Retype, exactly as written, every line from the one containing "Intricate Meenakari enamel" through the last line of the records below, both included; skip the pictures.

=== Record extracts ===

-- Opening Marker --

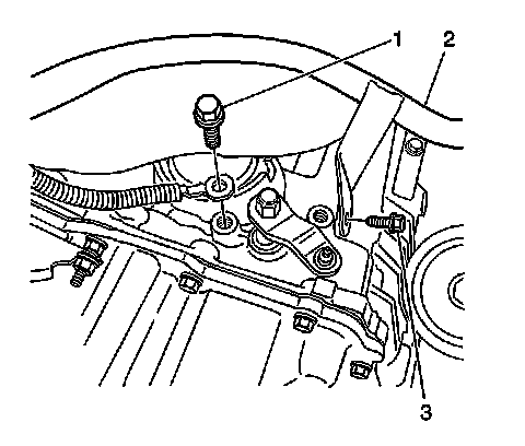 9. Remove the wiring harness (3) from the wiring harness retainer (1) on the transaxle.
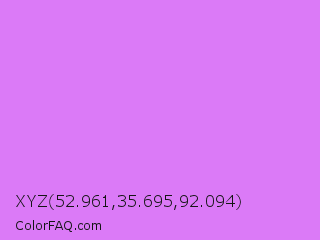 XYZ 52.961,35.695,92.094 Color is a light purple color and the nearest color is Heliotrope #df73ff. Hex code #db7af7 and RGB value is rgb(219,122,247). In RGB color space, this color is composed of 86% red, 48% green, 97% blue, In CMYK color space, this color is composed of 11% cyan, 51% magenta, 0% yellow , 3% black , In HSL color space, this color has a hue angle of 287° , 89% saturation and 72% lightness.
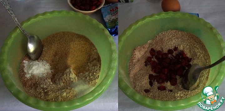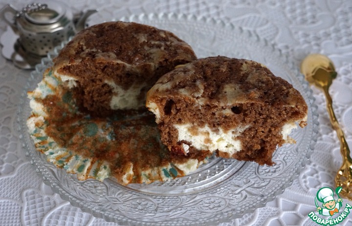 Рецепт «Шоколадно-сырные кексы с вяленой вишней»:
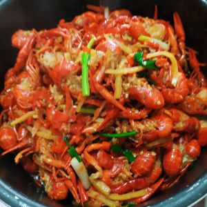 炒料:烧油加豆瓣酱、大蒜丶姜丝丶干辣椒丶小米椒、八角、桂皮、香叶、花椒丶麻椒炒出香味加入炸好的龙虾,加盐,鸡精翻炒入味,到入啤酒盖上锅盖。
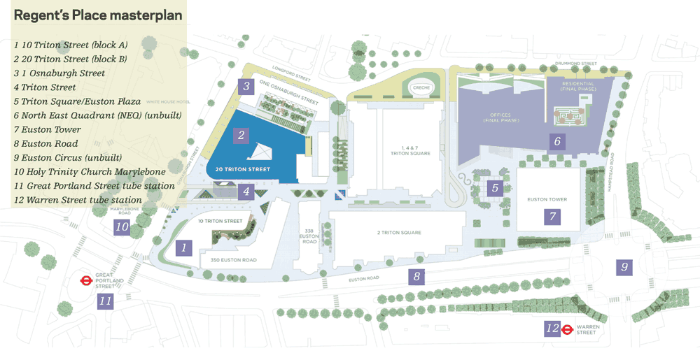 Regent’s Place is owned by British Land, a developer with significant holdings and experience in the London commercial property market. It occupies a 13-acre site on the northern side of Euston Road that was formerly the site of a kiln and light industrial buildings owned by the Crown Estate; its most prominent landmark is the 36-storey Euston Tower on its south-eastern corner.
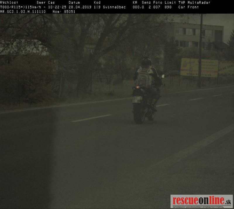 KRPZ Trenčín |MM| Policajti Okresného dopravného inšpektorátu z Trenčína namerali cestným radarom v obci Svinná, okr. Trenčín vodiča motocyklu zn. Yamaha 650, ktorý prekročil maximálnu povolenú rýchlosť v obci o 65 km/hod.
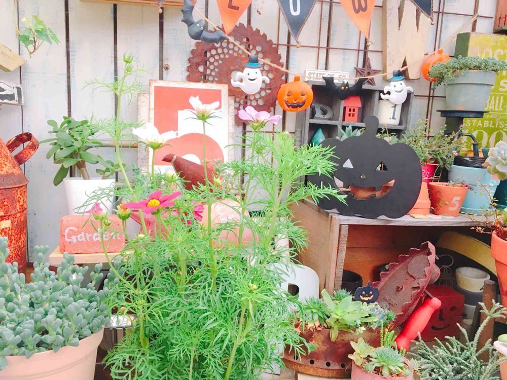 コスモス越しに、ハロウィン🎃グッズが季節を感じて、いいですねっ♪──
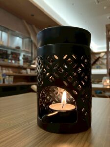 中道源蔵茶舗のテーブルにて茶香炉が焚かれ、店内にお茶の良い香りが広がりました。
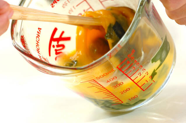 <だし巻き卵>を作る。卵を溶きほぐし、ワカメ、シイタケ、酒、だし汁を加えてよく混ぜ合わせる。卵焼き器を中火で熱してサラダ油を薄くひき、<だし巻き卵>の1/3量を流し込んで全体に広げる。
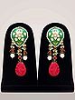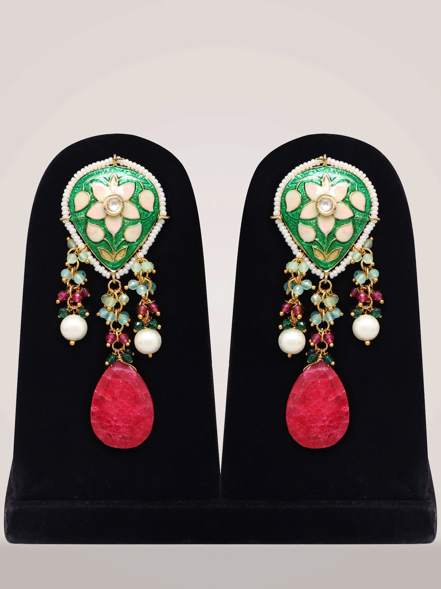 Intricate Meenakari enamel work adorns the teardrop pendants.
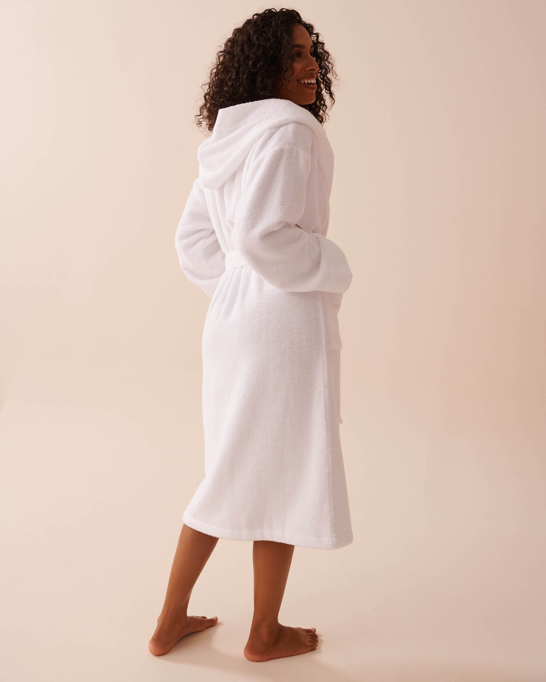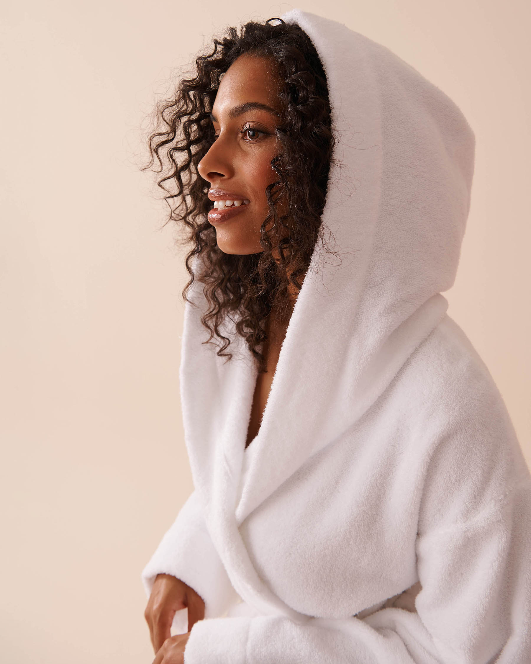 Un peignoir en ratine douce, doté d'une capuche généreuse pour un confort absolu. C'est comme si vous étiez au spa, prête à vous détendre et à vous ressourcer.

-- Closing Marker --

=== Written answer ===
 Intricate Meenakari enamel work adorns the teardrop pendants.
 Un peignoir en ratine douce, doté d'une capuche généreuse pour un confort absolu. C'est comme si vous étiez au spa, prête à vous détendre et à vous ressourcer.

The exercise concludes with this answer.